Now, to get an upper bound on the value of the remainder (i.e. the error between the approximation and exact value) we need the following ratio,

\[{r_n} = \frac{{{a_{n + 1}}}}{{{a_n}}} = \frac{{{3^{2 + n}}}}{{\left( {n + 1} \right)\,{2^{5 + 2n}}}}\frac{{n\,{2^{3 + 2n}}}}{{{3^{1 + n}}}} = \frac{{3n}}{{4\left( {n + 1} \right)}}\]

We’ll also potentially need the limit,

\[L = \mathop {\lim }\limits_{n \to \infty } \left| {\frac{{{a_{n + 1}}}}{{{a_n}}}} \right| = \mathop {\lim }\limits_{n \to \infty } \frac{{3n}}{{4\left( {n + 1} \right)}} = \frac{3}{4}\] Show Step 3

Next, we need to know if the \({r_n}\) form an increasing or decreasing sequence.

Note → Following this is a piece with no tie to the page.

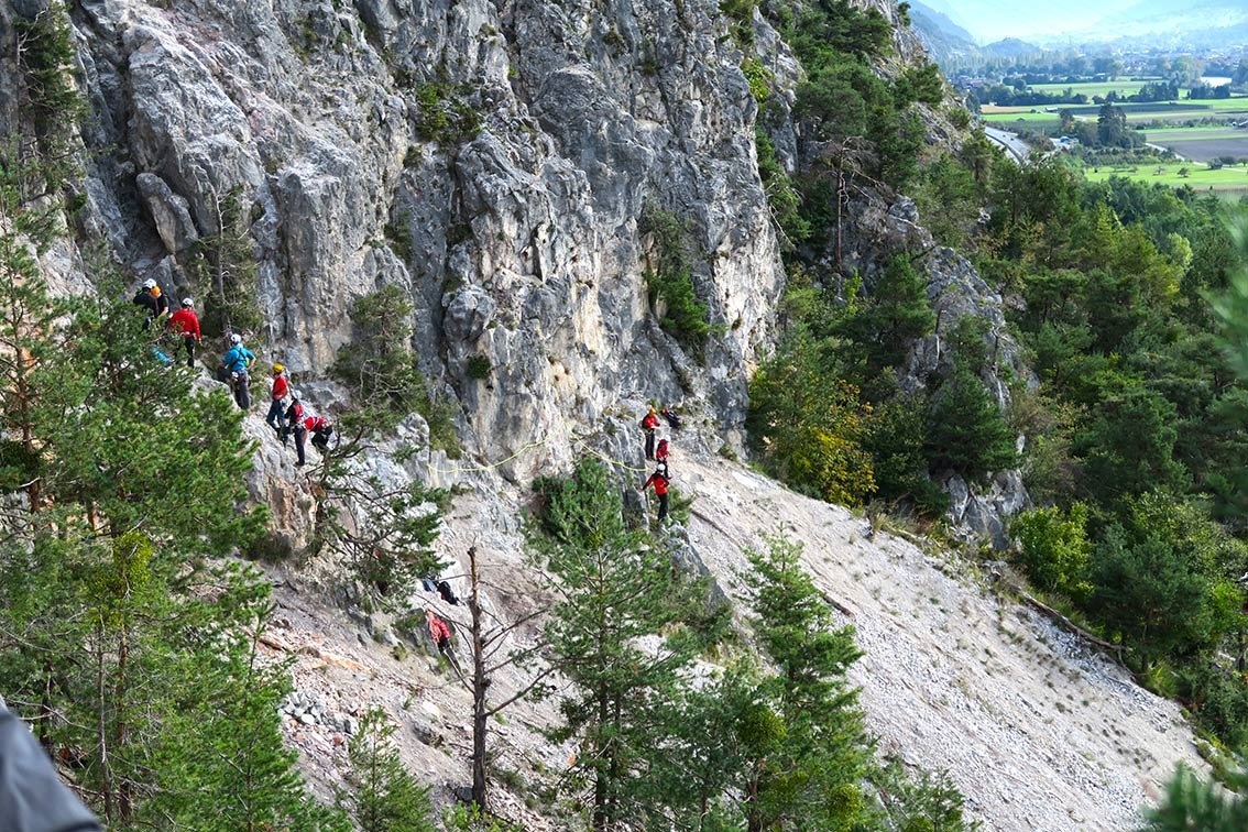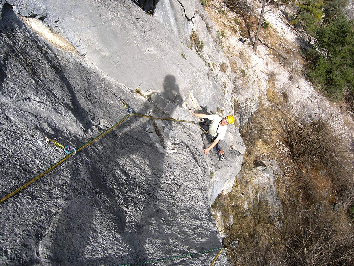 Man sollte einen Helm aufsetzen - oberhalb an der Geierwand ist vor allem durch die Klettersteiggeher (Geierwand Klettersteig) viel Betrieb.

A quick application of Calculus I will answer this.

\[f\left( x \right) = \frac{{3x}}{{4\left( {x + 1} \right)}}\hspace{0.25in}\hspace{0.25in}\hspace{0.25in}f'\left( x \right) = \frac{3}{{4{{\left( {x + 1} \right)}^2}}} > 0\]

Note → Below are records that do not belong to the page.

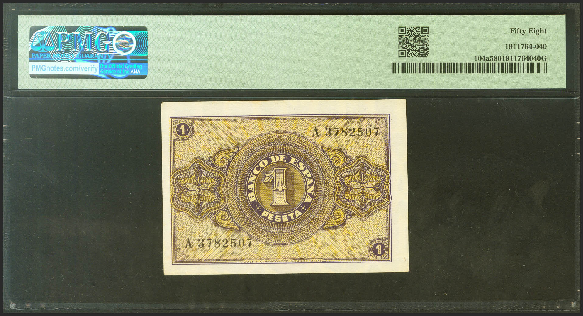 English 1 Peseta. October 12, 1937. Series A. (Edifil 2021: 425, Pick: 104a). Good Extremely Fine+. PMG58 package.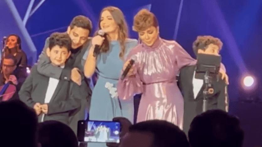 فيديو: أصالة تغني مع أبنائها الأربعة على المسرح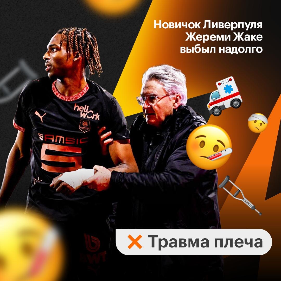 Новичок Ливерпуля Жаке получил травму 🏴❌ Главный тренер Ренна Хабиб Бейе, за который Жереми продолжает выступать до конца сезона, заявил о серьезной травме плеча у пацана. Неделю назад француза купили мерсисайдцы за космические 7️⃣2️⃣ млн евро. 20-летний неудачно парнишка упал во втором тайме матча с Лансом. Здоровья!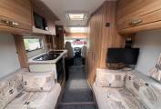 To the rear, you'll find a spacious U-shaped lounge, ideal for relaxing or entertaining with a TV included. This area easily converts into a large and comfortable double bed or two singles. At the front, swivel cab seats expand the living space and enhance the social feel of the layout.

As noted above the derivative is always positive and so the function, and hence the \({r_n}\) are increasing.

Show Step 4

The upper bound on the remainder is then,

\[{R_8} \le \frac{{{a_9}}}{{1 - L}} = \frac{{\frac{{6561}}{{2,097,152}}}}{{1 - \frac{3}{4}}} = 0.012514114\] Show Step 5

So, we can estimate that the value of the series is,

\[\require{bbox} \bbox[2pt,border:1px solid black]{{s \approx 0.509881435}}\]

and the error on this estimate will be no more than 0.012514114.